3.   In consultation with the Company's management and the independent auditors,
     consider the integrity of the Company's financial reporting processes and
     controls; discuss significant financial risk exposures and the steps the
     Company's management has taken to monitor, control and report such
     exposures; and review significant findings prepared by the Company's
     independent auditors, together with management's responses thereto,
     including the status of previous recommendations.

INDEPENDENT AUDITORS

4.   Review the independence, and performance of the Company's independent
     auditors and annually recommend to the Board of Directors the appointment
     of the independent auditors or approve any discharge of independent
     auditors when circumstances warrant.

5.   Approve the fees and other significant compensation to be paid to the
     Company's independent auditors.

6.   On an annual basis, review and discuss with the Company's independent
     auditors all significant relationships they have with the Company that
     could impair the auditors' independence.

7.   Review the audit plan of the Company's independent auditors; discuss the
     scope, staffing, locations, reliance upon management and internal audit and
     general audit approach.




                                      A-2


8.   Discuss the results of the year-end audit with the independent auditors;
     discuss those matters required to be communicated to audit committees in
     accordance with the American Institute of Certified Public Accountants A
     Statement of Auditing Standards No. 61.

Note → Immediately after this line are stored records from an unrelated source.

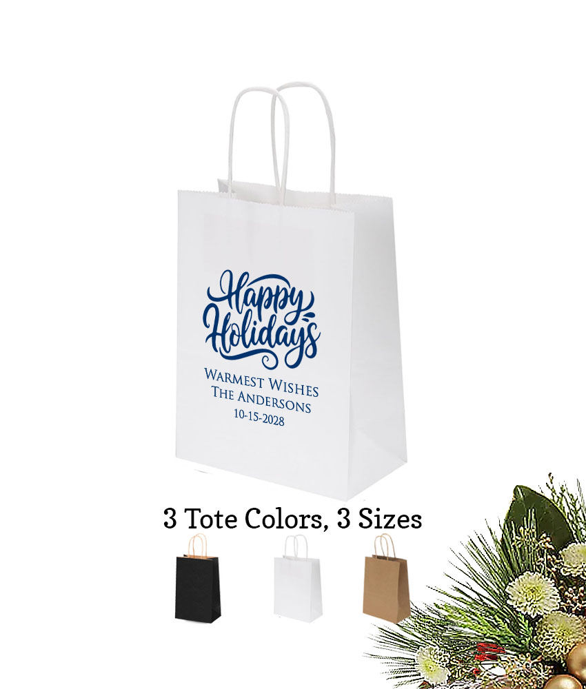 Send your guests home with our personalized paper tote gift bags with handles filled with goodies they can enjoy later – Happy Holidays Design!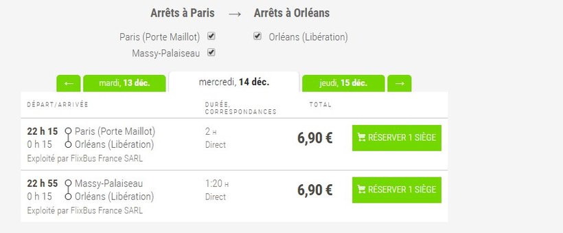 - Автобусы от Flixbus начинают движение с Porte Maillot в 22.15, с Massy-Palaiseau в 22.55.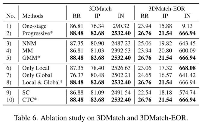 | 方法 | 3DMatch RR(%) | 3DMatch IN | 3DLoMatch RR(%) |
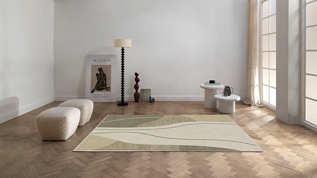 Этот ковер хорошо работает в современном интерьере, где важны чистая визуальная логика, фактура и умеренный декоративный акцент без перегруженности деталями.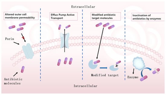 Bacteria employ four main mechanisms to counteract the effects of antibiotics [92], as shown in Figure 2. These mechanisms are summarised below: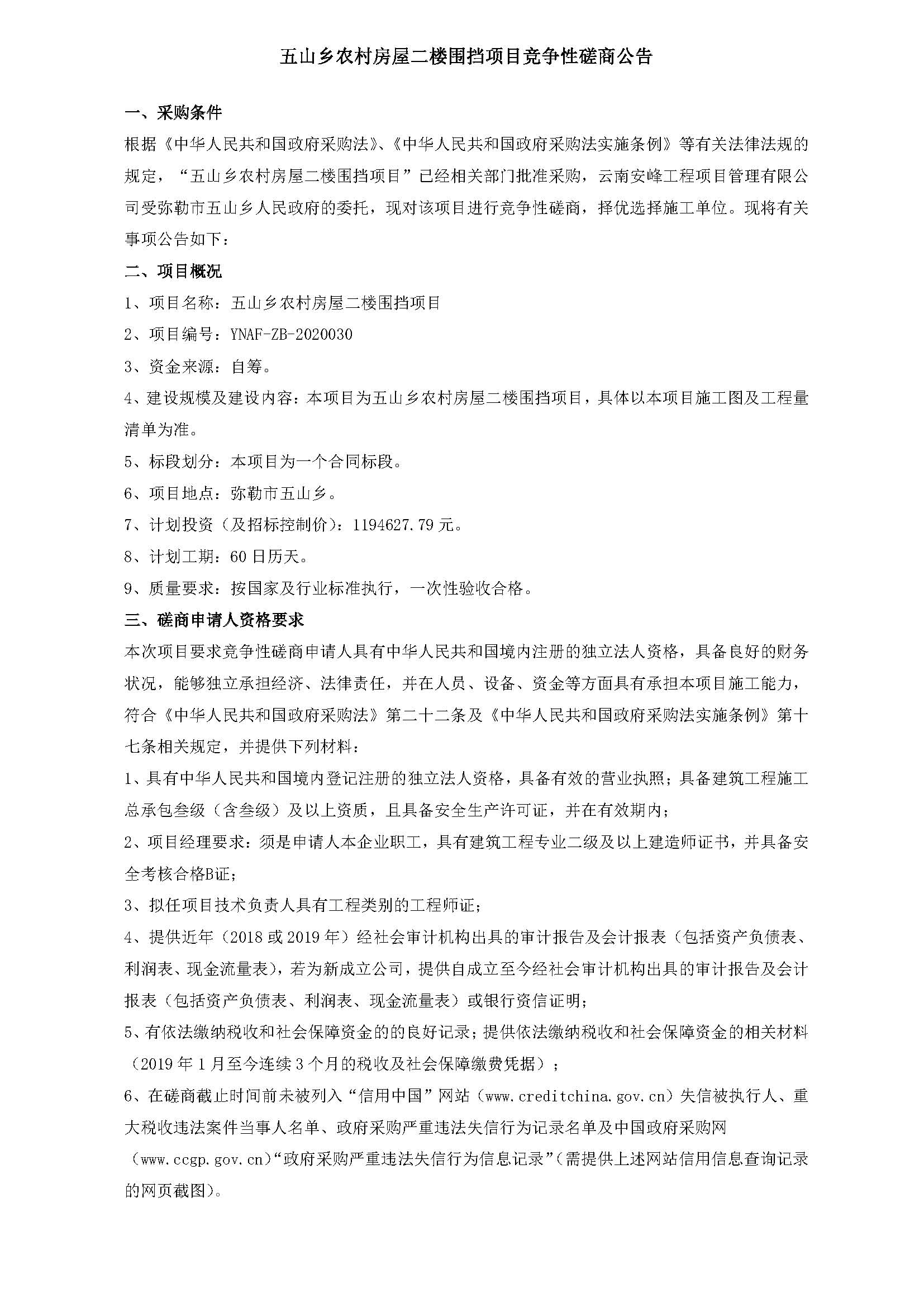 五山鄉農村房屋二樓圍擋項目競爭性磋商公告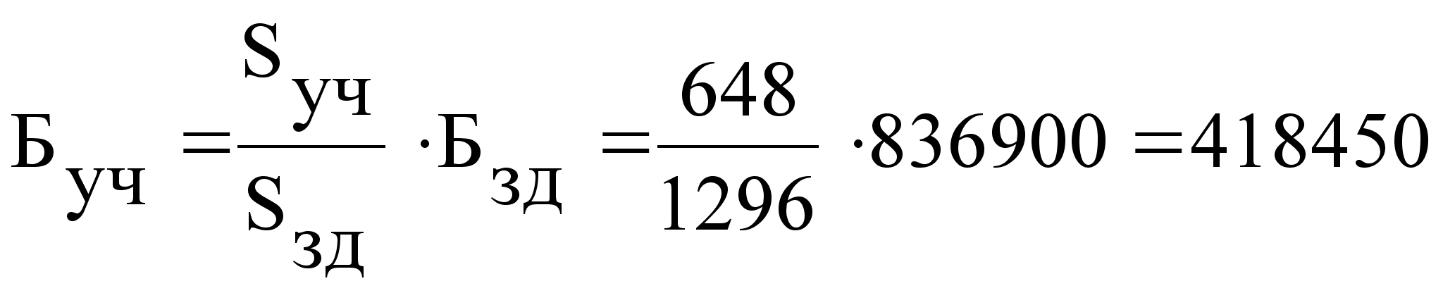 Балансовую стоимость помещения участка находим из выражения /1/: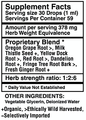 PROPRIETARY BLEND to cleanse and rid your liver & blood of toxins-Oregon Grape Root, Milk Thistle Seed, Yellow Dock Root, Red Root, Fresh Dandelion Root, Fringe Tree Bark and Fresh Ginger Root. Alcohol free, Gluten free herbal blend.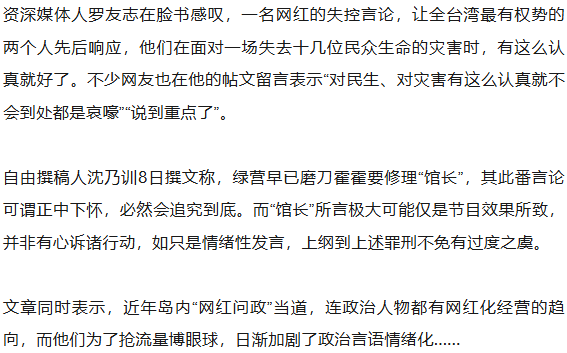 台湾《中国时报》称,台湾近年高度政治对立,不少偏激网络留言要伤害政治人物,有法官认为属言论自由不罚,但也有法官直言,纵使因政治立场不同有不满,也应循正常管道表达。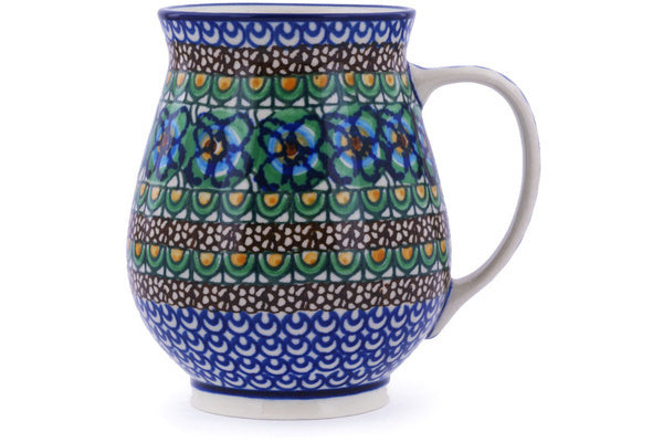 This Mardi Gras 17 oz Mug was handmade and hand decorated in Boleslawiec, Poland by skilled artisans according to old traditional methods. This is a Polish pottery Signature Unikat, which means that it has been hand painted with both sponges and brushes and it is signed by the artist who painted it. Unikat pieces are the most intricate works of art. Larger Unikat items take hours of very careful work to finish. This Polish stoneware is microwave, dishwasher, freezer, and oven safe up to 480°F. It does not contain lead or cadmium. It is part of the Mardi Gras Collection.

9.   Consider the Company's independent auditors' judgments about the quality
     and appropriateness of the Company's accounting principles as applied in
     its financial reporting.

LEGAL COMPLIANCE

10.  As the Audit Committee deems necessary or appropriate, review with the
     Company's counsel any legal matters that could have a significant impact on
     the organization's financial statements, the Company's compliance with
     applicable laws and regulations and any inquiries received from regulators
     or governmental agencies.

OTHER AUDIT COMMITTEE RESPONSIBILITIES

11.  Annually prepare a report to shareholders as required by the Securities and
     Exchange Commission, such report to be included in the Company's annual
     proxy statement.

12.  Perform any other activities consistent with this Charter, the Company's
     By-laws and governing law, as the Audit Committee or the Board of Directors
     deems necessary or appropriate.

13.  Maintain minutes of meetings and periodically report to the Board of
     Directors on significant results of the foregoing activities.